## Provided records:
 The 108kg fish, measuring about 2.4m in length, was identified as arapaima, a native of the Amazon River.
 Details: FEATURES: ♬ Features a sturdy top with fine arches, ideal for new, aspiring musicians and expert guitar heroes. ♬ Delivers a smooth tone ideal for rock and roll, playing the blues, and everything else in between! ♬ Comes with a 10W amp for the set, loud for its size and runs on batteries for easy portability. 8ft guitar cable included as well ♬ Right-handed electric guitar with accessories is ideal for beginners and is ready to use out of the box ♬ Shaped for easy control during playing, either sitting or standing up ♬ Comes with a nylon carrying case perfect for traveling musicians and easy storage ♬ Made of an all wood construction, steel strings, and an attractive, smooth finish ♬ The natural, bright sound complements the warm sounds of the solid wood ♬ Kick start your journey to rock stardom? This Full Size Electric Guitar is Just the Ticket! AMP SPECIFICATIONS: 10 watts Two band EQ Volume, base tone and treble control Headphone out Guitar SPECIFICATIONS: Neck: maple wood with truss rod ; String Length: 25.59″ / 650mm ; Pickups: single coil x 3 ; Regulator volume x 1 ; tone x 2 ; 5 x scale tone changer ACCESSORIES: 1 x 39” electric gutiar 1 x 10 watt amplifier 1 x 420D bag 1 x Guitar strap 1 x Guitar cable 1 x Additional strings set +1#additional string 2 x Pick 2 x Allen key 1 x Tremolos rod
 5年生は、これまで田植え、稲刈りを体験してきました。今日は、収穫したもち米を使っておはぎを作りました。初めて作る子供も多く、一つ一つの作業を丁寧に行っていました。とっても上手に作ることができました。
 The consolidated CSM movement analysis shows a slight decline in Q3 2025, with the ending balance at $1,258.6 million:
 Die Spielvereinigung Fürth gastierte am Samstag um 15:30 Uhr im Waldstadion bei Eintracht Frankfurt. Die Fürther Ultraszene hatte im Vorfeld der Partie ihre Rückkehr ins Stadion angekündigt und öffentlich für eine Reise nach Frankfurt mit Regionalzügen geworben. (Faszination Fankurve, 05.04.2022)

...

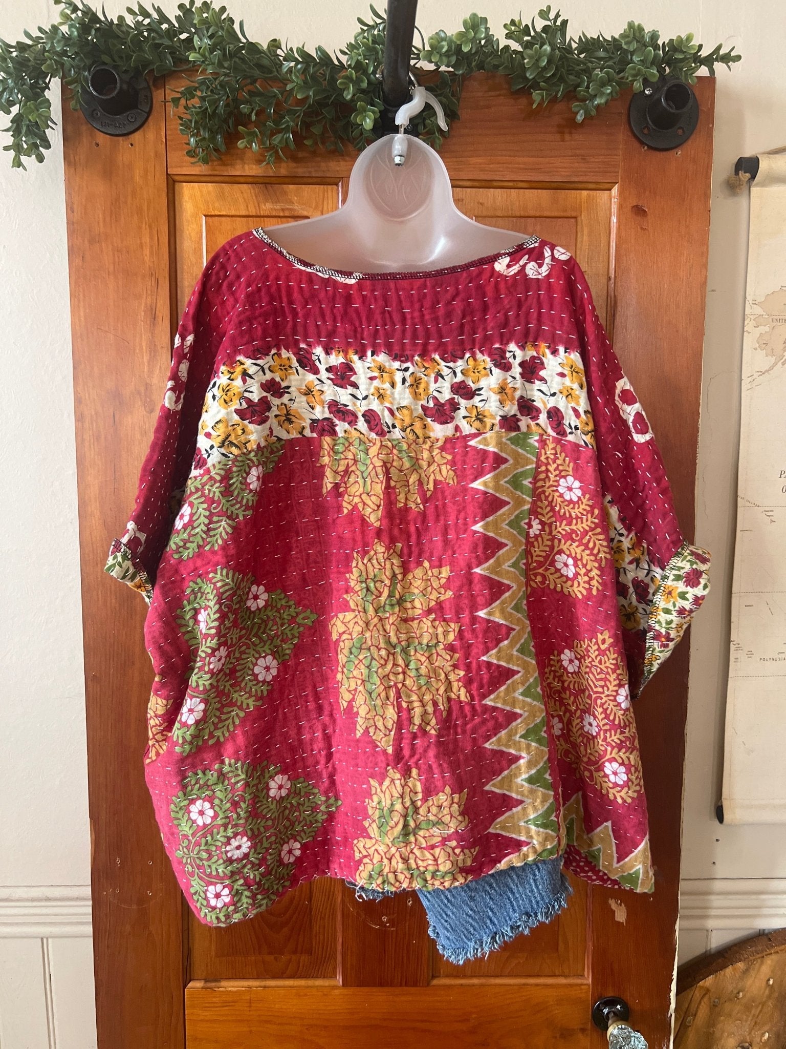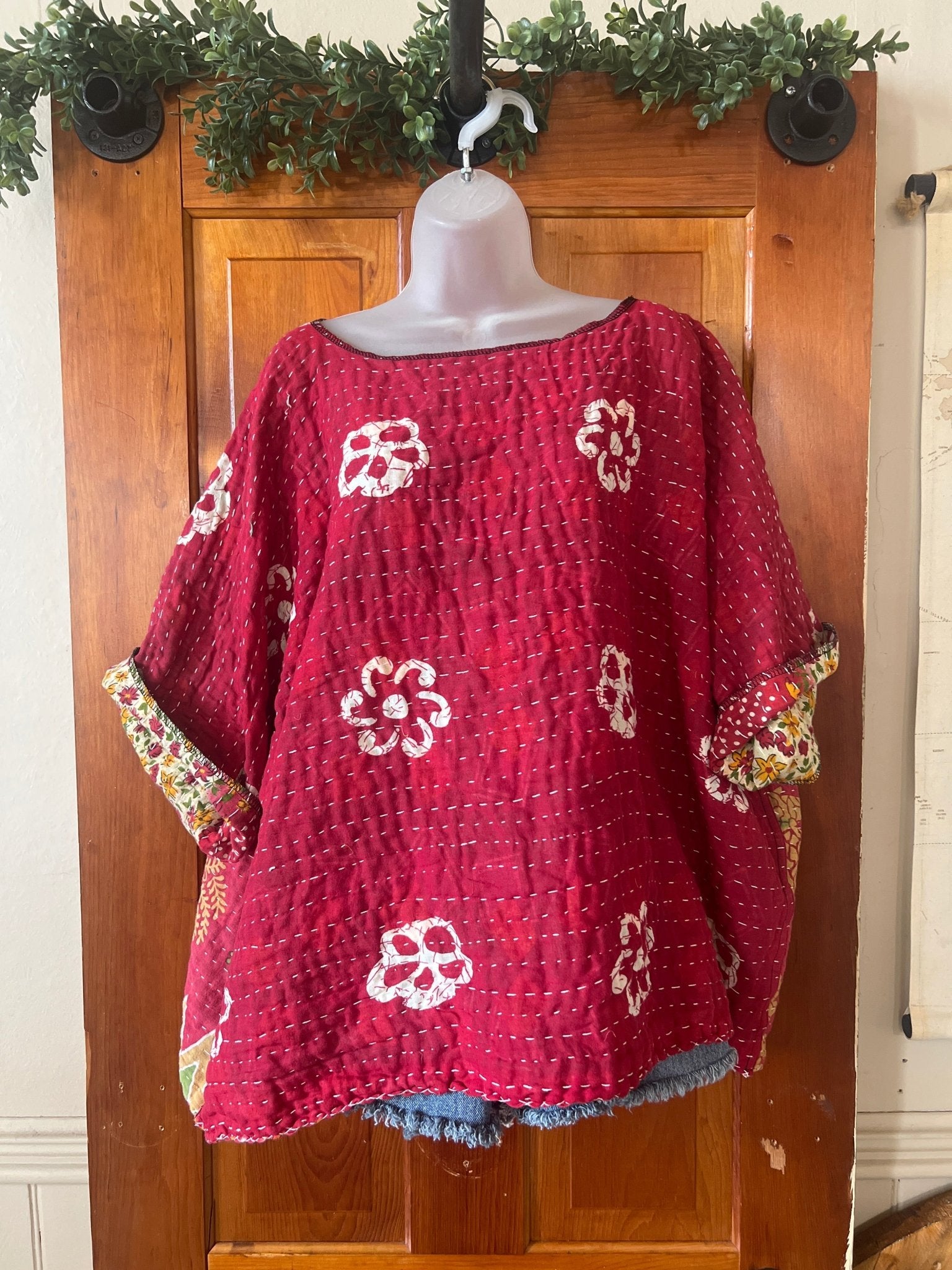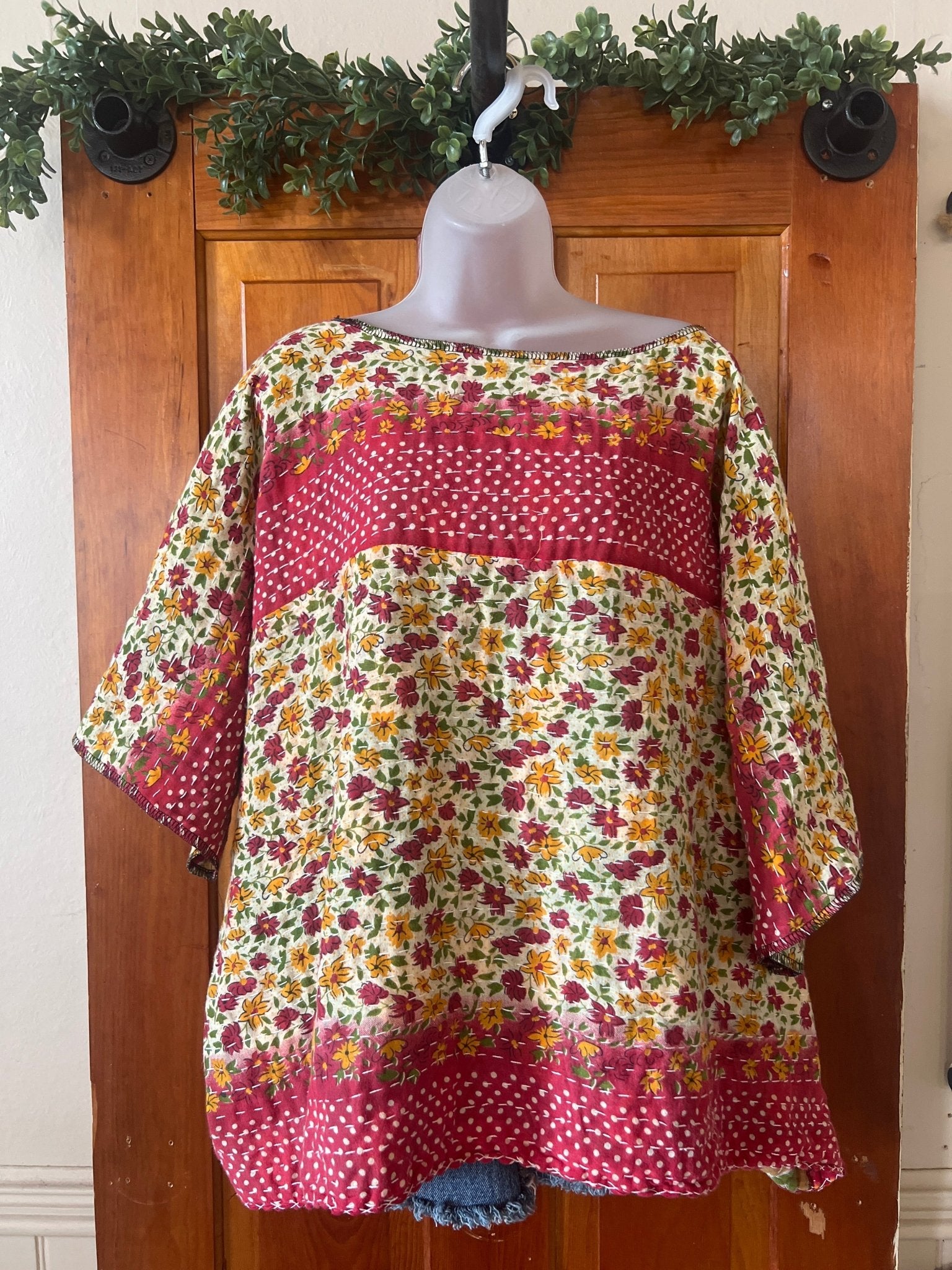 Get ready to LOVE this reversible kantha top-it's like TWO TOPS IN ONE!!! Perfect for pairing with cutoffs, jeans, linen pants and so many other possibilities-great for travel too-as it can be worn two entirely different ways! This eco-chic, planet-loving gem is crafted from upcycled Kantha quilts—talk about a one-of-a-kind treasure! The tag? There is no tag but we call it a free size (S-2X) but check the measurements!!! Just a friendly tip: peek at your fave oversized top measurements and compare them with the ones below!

## Exercise:
Write out exactly the lines that fall from the line with "Details: FEATURES: ♬" to the line with "Die Spielvereinigung Fürth" in the records above, keeping both ends.

## Result:
 Details: FEATURES: ♬ Features a sturdy top with fine arches, ideal for new, aspiring musicians and expert guitar heroes. ♬ Delivers a smooth tone ideal for rock and roll, playing the blues, and everything else in between! ♬ Comes with a 10W amp for the set, loud for its size and runs on batteries for easy portability. 8ft guitar cable included as well ♬ Right-handed electric guitar with accessories is ideal for beginners and is ready to use out of the box ♬ Shaped for easy control during playing, either sitting or standing up ♬ Comes with a nylon carrying case perfect for traveling musicians and easy storage ♬ Made of an all wood construction, steel strings, and an attractive, smooth finish ♬ The natural, bright sound complements the warm sounds of the solid wood ♬ Kick start your journey to rock stardom? This Full Size Electric Guitar is Just the Ticket! AMP SPECIFICATIONS: 10 watts Two band EQ Volume, base tone and treble control Headphone out Guitar SPECIFICATIONS: Neck: maple wood with truss rod ; String Length: 25.59″ / 650mm ; Pickups: single coil x 3 ; Regulator volume x 1 ; tone x 2 ; 5 x scale tone changer ACCESSORIES: 1 x 39” electric gutiar 1 x 10 watt amplifier 1 x 420D bag 1 x Guitar strap 1 x Guitar cable 1 x Additional strings set +1#additional string 2 x Pick 2 x Allen key 1 x Tremolos rod
 5年生は、これまで田植え、稲刈りを体験してきました。今日は、収穫したもち米を使っておはぎを作りました。初めて作る子供も多く、一つ一つの作業を丁寧に行っていました。とっても上手に作ることができました。
 The consolidated CSM movement analysis shows a slight decline in Q3 2025, with the ending balance at $1,258.6 million:
 Die Spielvereinigung Fürth gastierte am Samstag um 15:30 Uhr im Waldstadion bei Eintracht Frankfurt. Die Fürther Ultraszene hatte im Vorfeld der Partie ihre Rückkehr ins Stadion angekündigt und öffentlich für eine Reise nach Frankfurt mit Regionalzügen geworben. (Faszination Fankurve, 05.04.2022)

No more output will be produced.